Many people are now looking forward to investing in some plan given the cost of everything is just rising day by day. We are indeed worried about the future and want to make our future financially secured. So you must be also looking for some investment plan to invest in. Among all the plans you can consider long term equity fund. It is safe and gives you great returns.
Long term equity fund is an Equity Linked Saving Scheme or ELSS or a tax saving scheme. The investments in an ELSS help you to save a tax amount of up to 1.5 lakh in a financial annum. This is according to the Income Tax Act, Section 80C. These kinds of schemes come with a necessary lock-in period of maximum three years. It means that you can not sell these schemes during this lock-in period. You can use these schemes and build your retirement plans. But for that, first, you have to understand the nature of these schemes.
Right away, you can start investing with whatever you have to invest in this scheme. Though, you should increase your investments in order to build a decent retirement corpus. Always remember to invest a small amount frequently over a long period of time. It is the best way to build a large amount of corpus. You will be surprised by the result of this kind of long term investment. The feature of compounding interest will definitely help you to multiply your wealth over a period of 20 to 25 years.

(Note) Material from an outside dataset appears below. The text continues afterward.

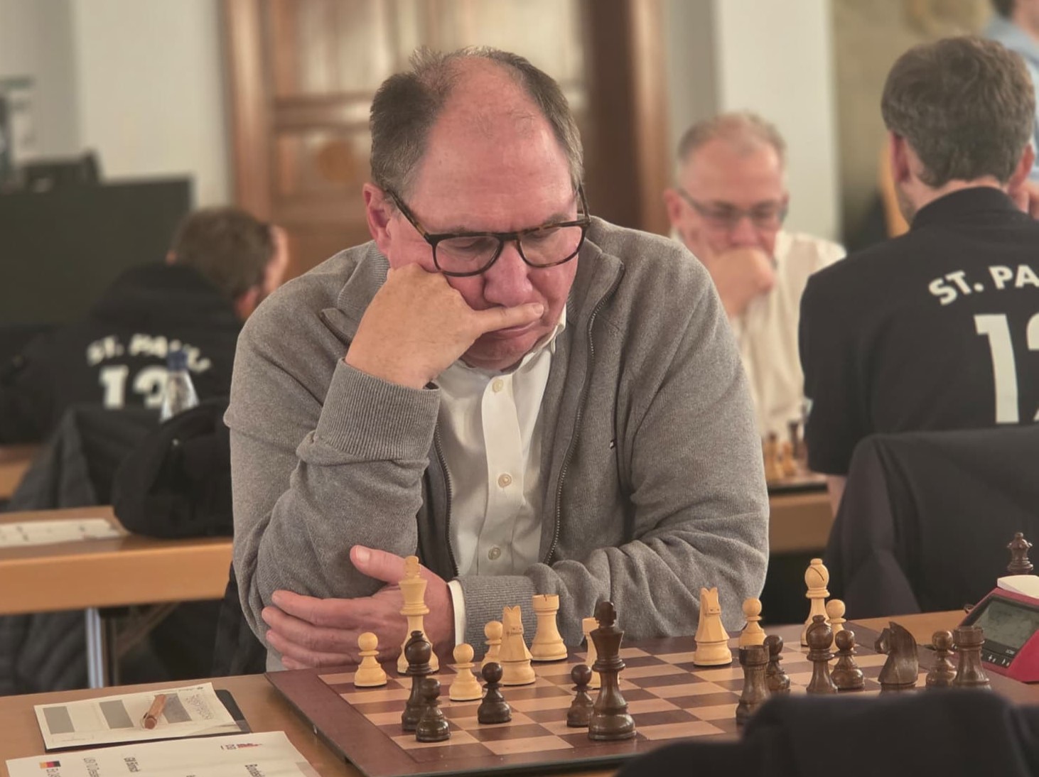 Der Altmeister und ehemalige Nationaltrainer Uwe Bönsch spielte eine überzeugende Angriffspartie gegen Igor Janik. Der Dresdener GM legte damit einen Grundstein für den überraschenden Punktgewinn gegen den FC St. Pauli. | Foto: Anna-Blume Giede

There is an update regarding ELSS or tax saving mutual fund schemes. As there is no recommendation you can go on investing and holding on to your investments in the tax saving schemes. The ELSS category is offering 9.58 per cent returns in the last year. With long term financial goal and high risk tolerance, you must go ahead and invest in ELSS funds for saving on taxes. ELSS fund investments qualify for a tax deduction of up to 1.5 lakh according to the Income Tax Act, section 80c.
Our recommended schemes have higher exposure to mid-cap stocks and small-cap stocks. Many market analysts are predicting there will be a revival of small and mid-cap stocks but they are languishing because of the bad sentiment of the market.
Investors should understand a few factors before they invest in these schemes. You should be avoiding investing in ELSS as they have potential to superior return over a long period of time. If you have the risk appetite to invest in an equity scheme, then only invest in ELSS. Equity is a risky business and can also become volatile in the short term.